A 74-year old male presented with a 2-months history of dysphagia, dysphonia and weight loss. He had a history of heavy alcohol consumption and smoked 40 cigarettes per day for 40 years. Investigation discovered a laryngeal tumour. He received radiotherapy but his tumour reoccurred. He died 9 months after his initial presentation.

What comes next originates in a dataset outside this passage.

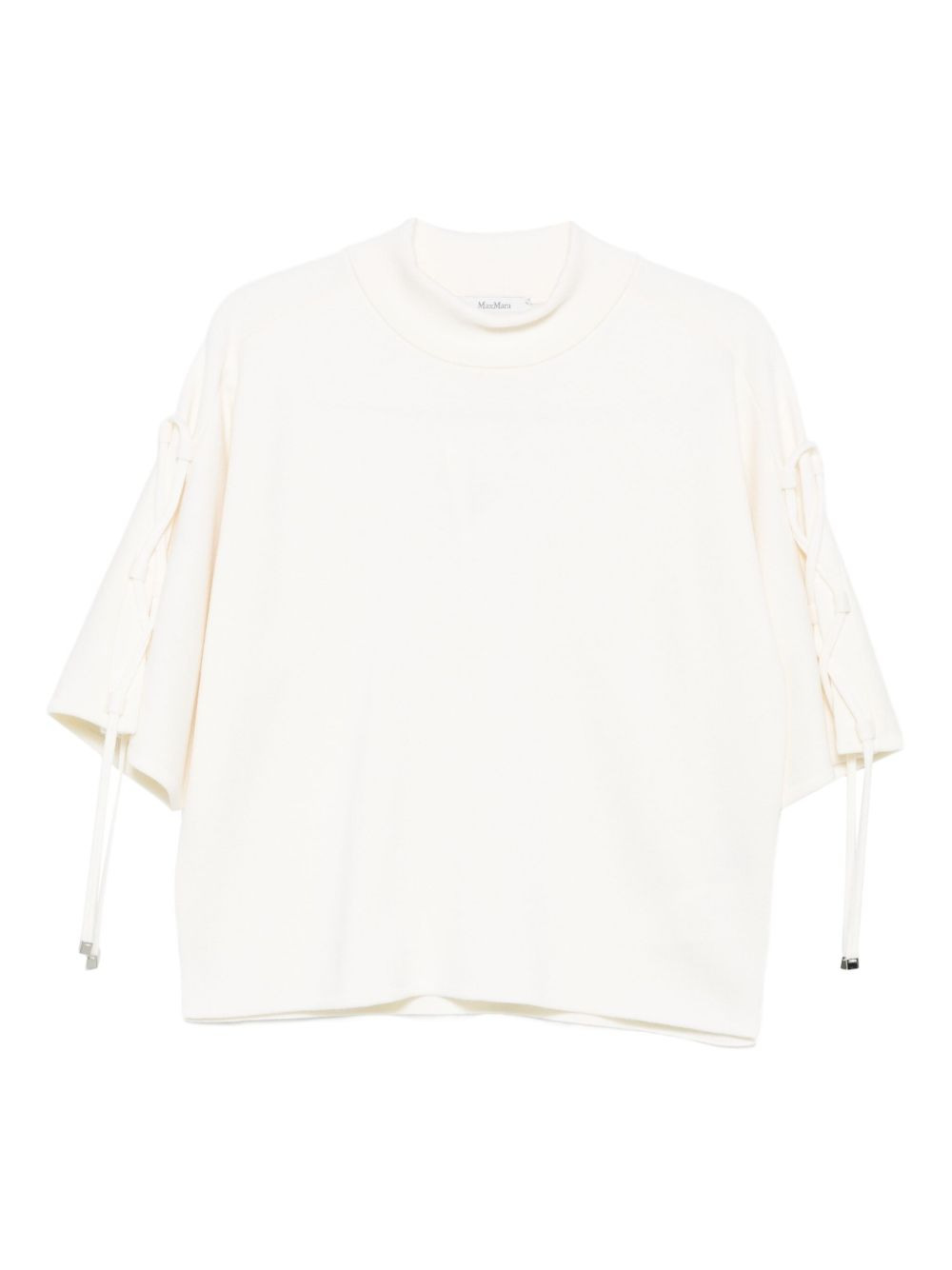 lace-up drop-shoulder top Highlights - White - Lace-up detail at the sleeves - Mock neck - Short sleeves - Drop shoulder - Straight hem Made in Italy Composition Virgin Wool 100% SIZE & FIT Model measurements Height 5 ft 11 in(1.8 m) Bust/Chest 31.49 in(80 cm) Hips 36.61 in(93 cm) Waist 24.4 in(62 cm) Washing instructions Read Manufacturer Guidelines

The specimen consists of tongue, pharynx, larynx, oesophagus and trachea and has been mounted in the coronal plane. The oesophagus and trachea have been opened from the posterior aspect. There is a 5 x 4 x 2 cm fungating carcinoma evident extending into both pyriform fossae. The surface of the tumour is irregular with shaggy areas of necrosis. The tumour has arisen from the larynx and involves both vocal cords, the left aryepiglottic fold and both pyriform fossae.
Over 95% of laryngeal cancers are squamous cell carcinomas. The tumour usually develops on the vocal cords but may occur above or below the cords, on the epiglottis, aryepiglottic folds or in the pyriform fossae. The cancer usually begins as squamous cell carcinoma in situ, progressing to ulcerated and fungating invasive carcinoma with continued exposure to carcinogens. The greatest risk factors for developing cancer of the larynx are tobacco smoke and alcohol consumption. Human Papilloma Virus (HPV) infection, asbestos exposure and irradiation have also been shown to be associated with increased incidence of head-and-neck squamous cell carcinoma (HNSCC). Males are affected more than females. It most frequently presents in the 6th decade of life. Laryngeal cancer may spread by invading into surrounding structures, via lymphatics usually to local cervical nodes, or haematogenous metastasis most commonly to the lungs. Common symptoms of HNSCC on presentation include dysphonia, dysphagia, odynophagia, globus and cough. Less commonly haemoptysis, stridor, dyspnoea and halitosis may be described.
Treatment varies on the stage of the disease. Smoking and alcohol cessation are important for all disease stages. In early disease laryngeal preservation treatments may include laser therapy, microsurgery and radiotherapy. Later stage disease treatments may involve a combination of laryngectomy, radiotherapy and chemotherapy.
HPV-related HNSCC have better outcomes than those non-HPV positive tumours. HPV-vaccination programmes have been introduced in several countries, including Australia and the UK, for both boys and girls, in order to reduce their risk for HNSCC.